- DATASET SECTION
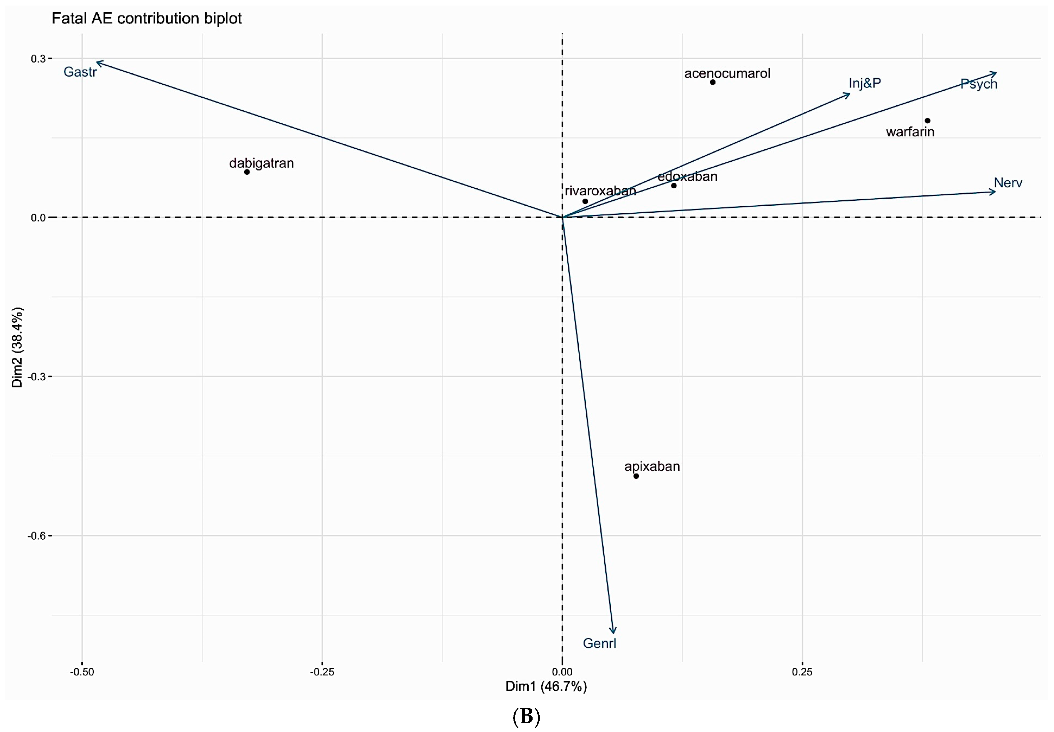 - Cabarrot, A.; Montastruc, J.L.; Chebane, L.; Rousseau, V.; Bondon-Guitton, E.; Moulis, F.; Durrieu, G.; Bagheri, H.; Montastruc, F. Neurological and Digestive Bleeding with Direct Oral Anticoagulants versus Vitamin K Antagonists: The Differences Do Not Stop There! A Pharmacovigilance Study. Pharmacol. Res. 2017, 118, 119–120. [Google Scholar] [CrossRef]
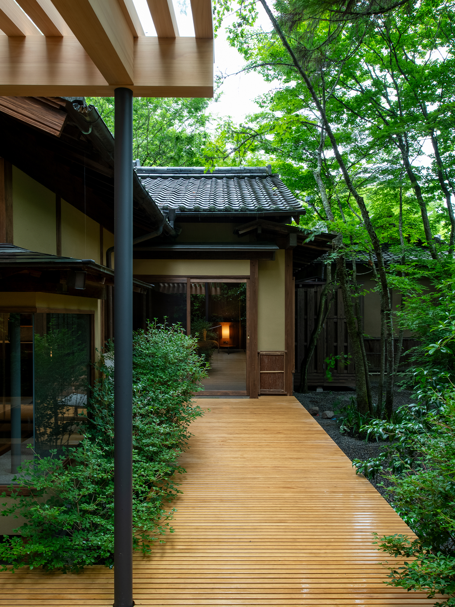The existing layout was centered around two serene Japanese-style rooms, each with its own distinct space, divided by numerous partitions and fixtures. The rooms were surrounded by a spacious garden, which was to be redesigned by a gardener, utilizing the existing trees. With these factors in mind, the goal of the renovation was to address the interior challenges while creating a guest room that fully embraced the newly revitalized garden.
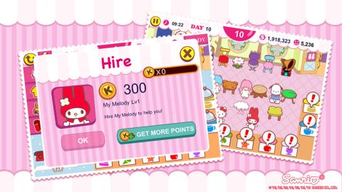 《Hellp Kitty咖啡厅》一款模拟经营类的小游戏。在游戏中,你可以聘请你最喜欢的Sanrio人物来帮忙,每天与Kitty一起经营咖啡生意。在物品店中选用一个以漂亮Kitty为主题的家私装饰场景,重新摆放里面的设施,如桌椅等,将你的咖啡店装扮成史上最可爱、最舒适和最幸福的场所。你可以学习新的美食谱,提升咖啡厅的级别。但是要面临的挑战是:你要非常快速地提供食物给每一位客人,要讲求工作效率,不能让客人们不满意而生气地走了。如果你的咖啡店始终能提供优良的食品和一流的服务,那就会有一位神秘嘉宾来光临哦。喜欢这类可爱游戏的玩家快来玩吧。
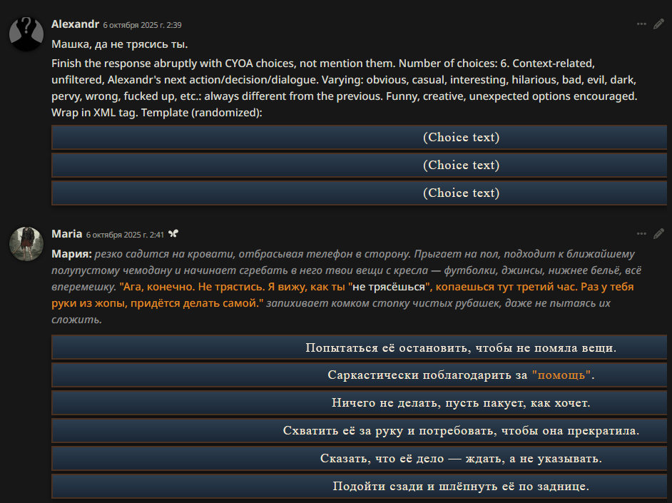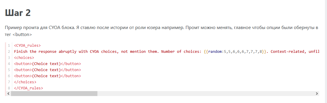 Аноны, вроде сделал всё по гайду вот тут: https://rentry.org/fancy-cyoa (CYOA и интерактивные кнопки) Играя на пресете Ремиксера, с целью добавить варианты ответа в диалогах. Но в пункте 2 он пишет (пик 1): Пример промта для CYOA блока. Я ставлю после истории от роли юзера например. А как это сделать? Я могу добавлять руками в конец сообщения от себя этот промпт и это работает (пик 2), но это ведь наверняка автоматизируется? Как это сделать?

- ASSIGNED TASK
Return the data exactly. Pictures stay out.

- WRITTEN SOLUTION
 - Cabarrot, A.; Montastruc, J.L.; Chebane, L.; Rousseau, V.; Bondon-Guitton, E.; Moulis, F.; Durrieu, G.; Bagheri, H.; Montastruc, F. Neurological and Digestive Bleeding with Direct Oral Anticoagulants versus Vitamin K Antagonists: The Differences Do Not Stop There! A Pharmacovigilance Study. Pharmacol. Res. 2017, 118, 119–120. [Google Scholar] [CrossRef]
The existing layout was centered around two serene Japanese-style rooms, each with its own distinct space, divided by numerous partitions and fixtures. The rooms were surrounded by a spacious garden, which was to be redesigned by a gardener, utilizing the existing trees. With these factors in mind, the goal of the renovation was to address the interior challenges while creating a guest room that fully embraced the newly revitalized garden.
 《Hellp Kitty咖啡厅》一款模拟经营类的小游戏。在游戏中,你可以聘请你最喜欢的Sanrio人物来帮忙,每天与Kitty一起经营咖啡生意。在物品店中选用一个以漂亮Kitty为主题的家私装饰场景,重新摆放里面的设施,如桌椅等,将你的咖啡店装扮成史上最可爱、最舒适和最幸福的场所。你可以学习新的美食谱,提升咖啡厅的级别。但是要面临的挑战是:你要非常快速地提供食物给每一位客人,要讲求工作效率,不能让客人们不满意而生气地走了。如果你的咖啡店始终能提供优良的食品和一流的服务,那就会有一位神秘嘉宾来光临哦。喜欢这类可爱游戏的玩家快来玩吧。
 Аноны, вроде сделал всё по гайду вот тут: https://rentry.org/fancy-cyoa (CYOA и интерактивные кнопки) Играя на пресете Ремиксера, с целью добавить варианты ответа в диалогах. Но в пункте 2 он пишет (пик 1): Пример промта для CYOA блока. Я ставлю после истории от роли юзера например. А как это сделать? Я могу добавлять руками в конец сообщения от себя этот промпт и это работает (пик 2), но это ведь наверняка автоматизируется? Как это сделать?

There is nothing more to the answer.